#### [Exercise prompt]
In the records below, the relevant part opens with the line containing "ΤΡΟΠΟΠΟΙΗΣΗ ΤΟΥ ΠΔ" and closes with the line containing "untuk proteksi maksimal"; print that part exactly and only, without its pictures.

#### [Raw data]
Start of Block
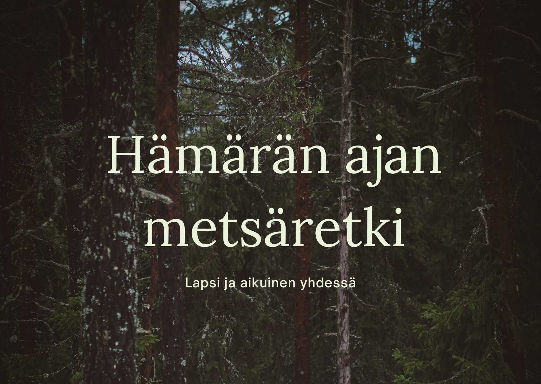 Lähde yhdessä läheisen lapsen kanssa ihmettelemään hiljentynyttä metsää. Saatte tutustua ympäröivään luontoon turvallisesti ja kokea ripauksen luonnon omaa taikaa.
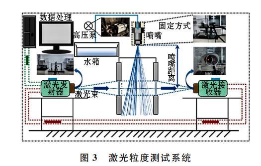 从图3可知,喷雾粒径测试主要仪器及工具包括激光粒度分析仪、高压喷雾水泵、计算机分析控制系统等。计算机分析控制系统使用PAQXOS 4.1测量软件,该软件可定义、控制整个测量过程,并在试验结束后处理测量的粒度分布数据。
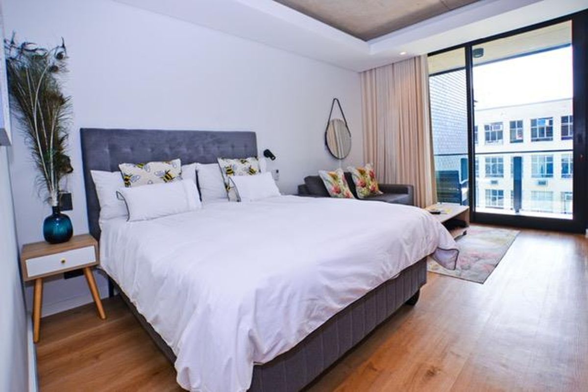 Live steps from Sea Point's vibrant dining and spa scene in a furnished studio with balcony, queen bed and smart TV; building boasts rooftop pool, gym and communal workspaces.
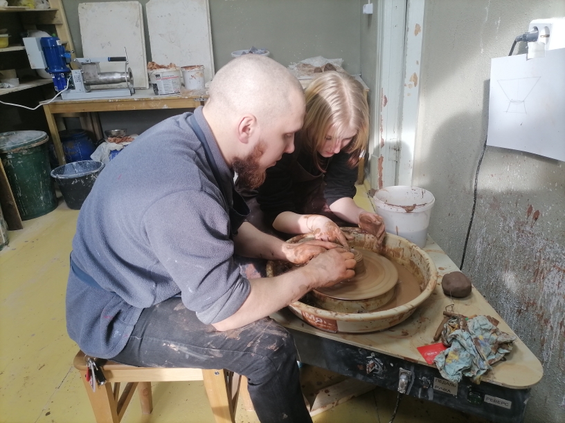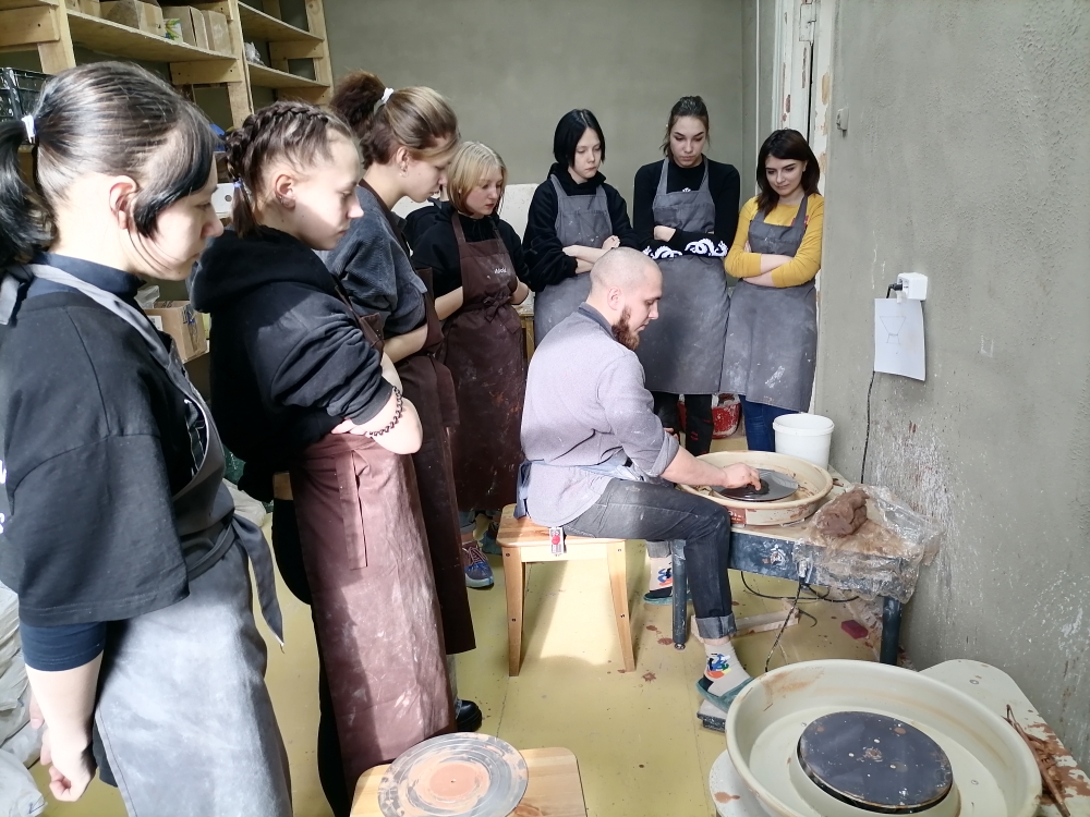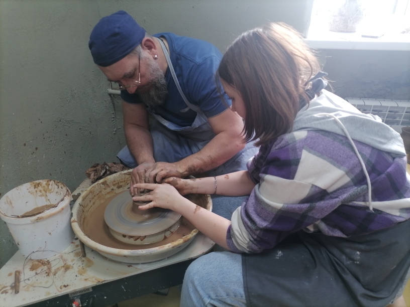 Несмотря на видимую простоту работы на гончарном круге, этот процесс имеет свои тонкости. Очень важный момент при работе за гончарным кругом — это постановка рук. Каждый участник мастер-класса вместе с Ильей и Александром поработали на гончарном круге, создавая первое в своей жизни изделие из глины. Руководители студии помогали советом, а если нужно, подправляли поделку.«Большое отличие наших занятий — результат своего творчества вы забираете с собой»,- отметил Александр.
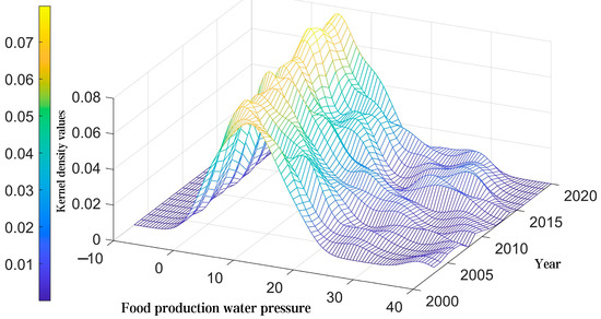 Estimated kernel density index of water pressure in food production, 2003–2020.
End of Block
Start of Block
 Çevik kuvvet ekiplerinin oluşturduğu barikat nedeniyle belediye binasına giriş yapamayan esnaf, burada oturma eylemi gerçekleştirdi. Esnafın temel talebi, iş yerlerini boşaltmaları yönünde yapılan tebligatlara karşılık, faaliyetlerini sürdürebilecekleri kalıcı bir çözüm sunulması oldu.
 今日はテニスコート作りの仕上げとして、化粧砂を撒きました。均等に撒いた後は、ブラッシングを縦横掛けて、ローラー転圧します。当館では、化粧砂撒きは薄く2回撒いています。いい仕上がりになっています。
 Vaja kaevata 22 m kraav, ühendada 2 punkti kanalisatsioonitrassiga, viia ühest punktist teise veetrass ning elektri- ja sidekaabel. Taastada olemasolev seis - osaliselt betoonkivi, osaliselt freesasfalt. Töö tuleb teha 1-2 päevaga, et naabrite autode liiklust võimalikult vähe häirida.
End of Block
Start of Block
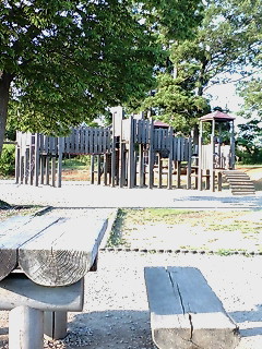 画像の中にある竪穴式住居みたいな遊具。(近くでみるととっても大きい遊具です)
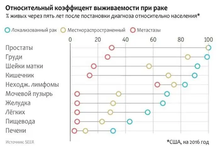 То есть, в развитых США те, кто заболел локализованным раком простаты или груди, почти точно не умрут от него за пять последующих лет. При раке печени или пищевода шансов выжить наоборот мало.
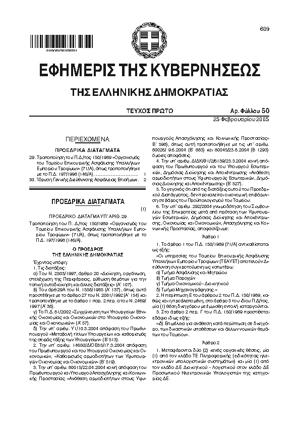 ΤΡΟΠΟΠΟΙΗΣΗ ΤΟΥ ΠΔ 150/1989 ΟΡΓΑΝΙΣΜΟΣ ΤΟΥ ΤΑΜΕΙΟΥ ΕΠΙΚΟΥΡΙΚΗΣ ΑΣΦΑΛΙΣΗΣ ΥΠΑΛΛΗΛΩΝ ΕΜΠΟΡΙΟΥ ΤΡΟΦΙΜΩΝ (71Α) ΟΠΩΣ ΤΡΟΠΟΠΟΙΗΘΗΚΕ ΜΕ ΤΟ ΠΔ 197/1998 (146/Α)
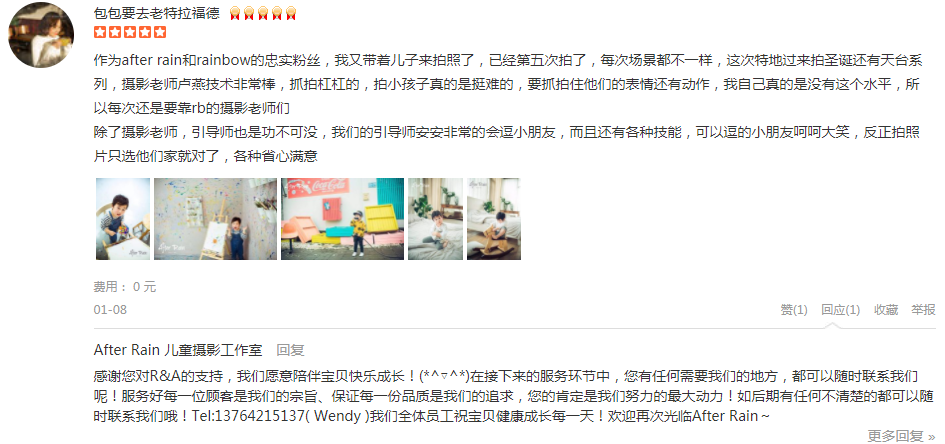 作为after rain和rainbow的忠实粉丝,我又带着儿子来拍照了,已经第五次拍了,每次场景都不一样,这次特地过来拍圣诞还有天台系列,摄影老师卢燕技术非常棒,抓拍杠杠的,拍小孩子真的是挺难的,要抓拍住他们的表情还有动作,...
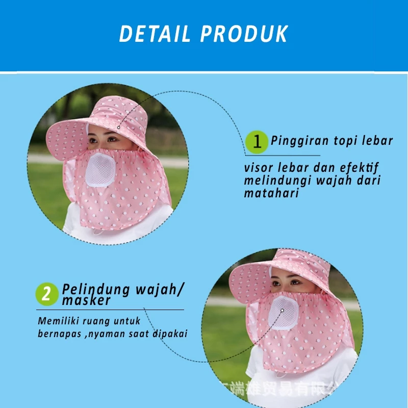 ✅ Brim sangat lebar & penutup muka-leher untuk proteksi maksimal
End of Block
#### [Result for this exercise]
 ΤΡΟΠΟΠΟΙΗΣΗ ΤΟΥ ΠΔ 150/1989 ΟΡΓΑΝΙΣΜΟΣ ΤΟΥ ΤΑΜΕΙΟΥ ΕΠΙΚΟΥΡΙΚΗΣ ΑΣΦΑΛΙΣΗΣ ΥΠΑΛΛΗΛΩΝ ΕΜΠΟΡΙΟΥ ΤΡΟΦΙΜΩΝ (71Α) ΟΠΩΣ ΤΡΟΠΟΠΟΙΗΘΗΚΕ ΜΕ ΤΟ ΠΔ 197/1998 (146/Α)
 作为after rain和rainbow的忠实粉丝,我又带着儿子来拍照了,已经第五次拍了,每次场景都不一样,这次特地过来拍圣诞还有天台系列,摄影老师卢燕技术非常棒,抓拍杠杠的,拍小孩子真的是挺难的,要抓拍住他们的表情还有动作,...
 ✅ Brim sangat lebar & penutup muka-leher untuk proteksi maksimal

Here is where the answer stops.